• _DATA EXCERPT_

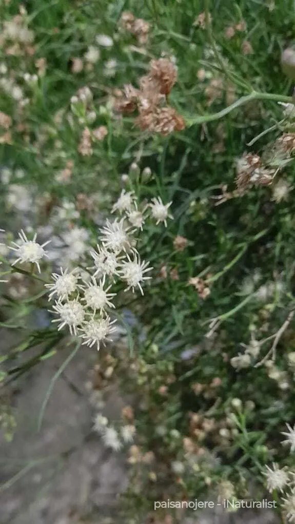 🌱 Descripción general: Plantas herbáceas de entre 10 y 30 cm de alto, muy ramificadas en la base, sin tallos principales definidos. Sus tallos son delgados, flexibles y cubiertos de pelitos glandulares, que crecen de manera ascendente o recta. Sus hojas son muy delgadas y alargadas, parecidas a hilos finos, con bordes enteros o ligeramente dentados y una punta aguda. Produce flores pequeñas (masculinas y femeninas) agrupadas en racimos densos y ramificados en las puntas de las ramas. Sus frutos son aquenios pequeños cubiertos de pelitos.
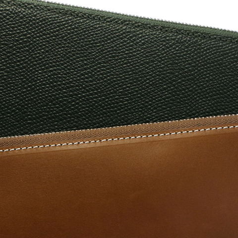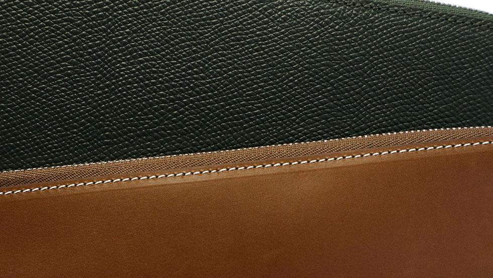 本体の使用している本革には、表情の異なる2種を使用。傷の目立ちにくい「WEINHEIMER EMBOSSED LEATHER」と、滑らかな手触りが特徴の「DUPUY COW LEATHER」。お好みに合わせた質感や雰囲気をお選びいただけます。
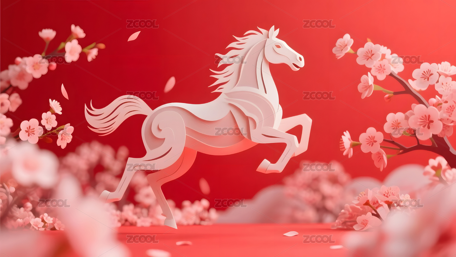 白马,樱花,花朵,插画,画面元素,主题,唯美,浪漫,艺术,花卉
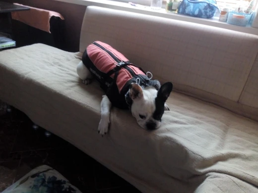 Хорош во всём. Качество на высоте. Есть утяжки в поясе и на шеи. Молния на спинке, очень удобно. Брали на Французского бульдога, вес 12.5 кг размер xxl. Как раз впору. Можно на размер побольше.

• _TASK_
Extract the run of lines from the line holding "EMBOSSED LEATHER」と、滑らかな手触りが特徴の「DUPUY COW" through the final line of the material above, exactly and inclusively. Leave the pictures behind.

• _EXERCISE ANSWER_
 本体の使用している本革には、表情の異なる2種を使用。傷の目立ちにくい「WEINHEIMER EMBOSSED LEATHER」と、滑らかな手触りが特徴の「DUPUY COW LEATHER」。お好みに合わせた質感や雰囲気をお選びいただけます。
 白马,樱花,花朵,插画,画面元素,主题,唯美,浪漫,艺术,花卉
 Хорош во всём. Качество на высоте. Есть утяжки в поясе и на шеи. Молния на спинке, очень удобно. Брали на Французского бульдога, вес 12.5 кг размер xxl. Как раз впору. Можно на размер побольше.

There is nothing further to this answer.